8. Assumptions of Parametric Tests
Parametric tests (t test, ANOVA, Pearson, regression) assume: (1) normality of data or residuals, (2) homogeneity of variance across groups, (3) independence of observations, (4) for regression: linearity and no perfect multicollinearity. Violating assumptions increases Type I or Type II errors. In Indian business research, check normality using Shapiro Wilk test, Q Q plots, or skewness/kurtosis values. For large samples (n > 100), normality violations are less serious due to central limit theorem. Check homogeneity using Levene’s test. If assumptions are violated, use non parametric alternatives (Mann Whitney instead of t test, Kruskal Wallis instead of ANOVA, Spearman instead of Pearson). Do not ignore assumptions. Report assumption checks in methodology. If assumptions are violated but you use parametric tests anyway, justify with central limit theorem or robustness evidence.
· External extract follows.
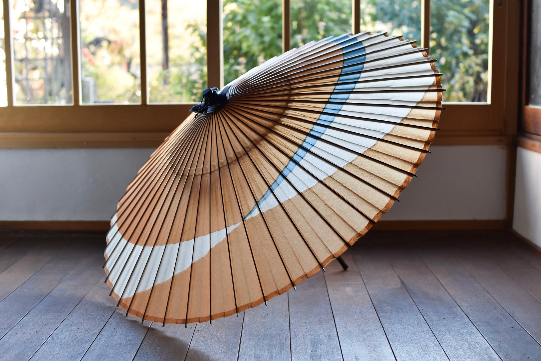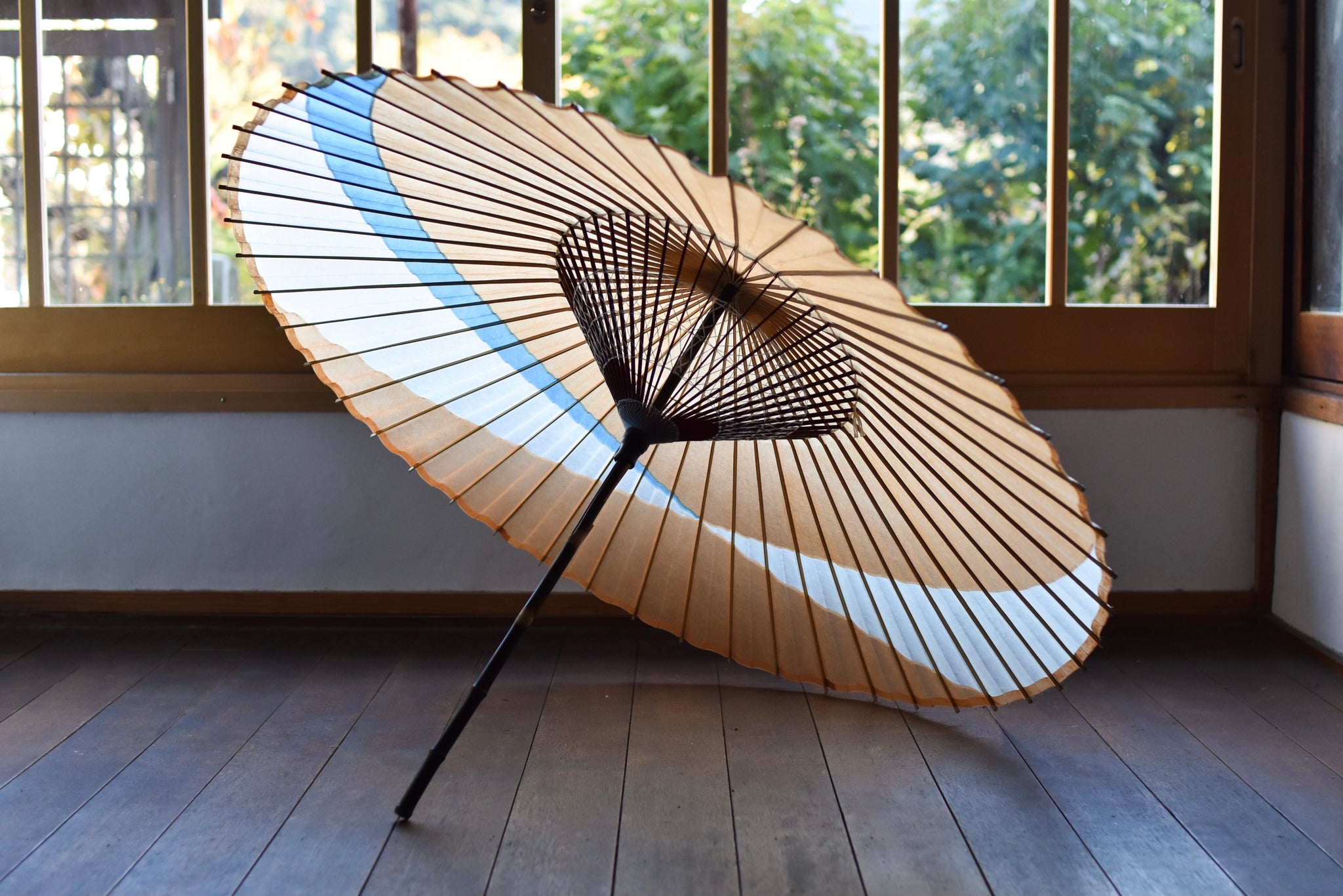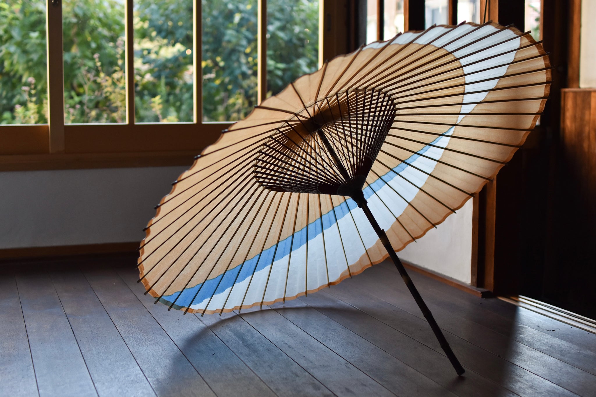 「交叉」と名付けられたシャープで粋な張り方の和傘。

9. Sample Size Considerations
Sample size affects statistical power and determines which tests are feasible. For parametric tests (t test, ANOVA, regression), minimum sample size guidelines: t test requires at least 30 per group; ANOVA requires at least 20 per group; regression requires 10 to 20 cases per independent variable. For non parametric tests, larger samples are generally needed to achieve equivalent power. For chi square tests, expected frequency in each cell should be at least 5. In Indian business research, small samples (n < 30) should use exact tests or non parametric methods. Very large samples (n > 1000) detect even trivial differences as statistically significant; report effect sizes alongside p values. Use power analysis (G*Power) before data collection to determine required sample size for your planned tests. Underpowered studies waste resources; overpowered studies find meaningless significance.
10. Parametric vs Non-Paramratic Tests
Parametric tests assume specific population distributions (usually normal) and are more powerful when assumptions hold. Non parametric tests make no distributional assumptions but have lower power (need larger samples to detect same effect). Use parametric when: data are interval/ratio, normally distributed, variances homogeneous, and sample size adequate. Use non parametric when: data are ordinal, severely non normal, small sample (n < 30), or assumptions violated. In Indian business research, Likert scale data are ordinal but often treated as parametric with justification. For small samples or skewed distributions, use non parametric. Examples: Mann Whitney instead of t test, Kruskal Wallis instead of ANOVA, Spearman instead of Pearson, Wilcoxon instead of paired t test. Non parametric tests are safer but less familiar to some readers. Report both parametric and non parametric results if assumptions are borderline.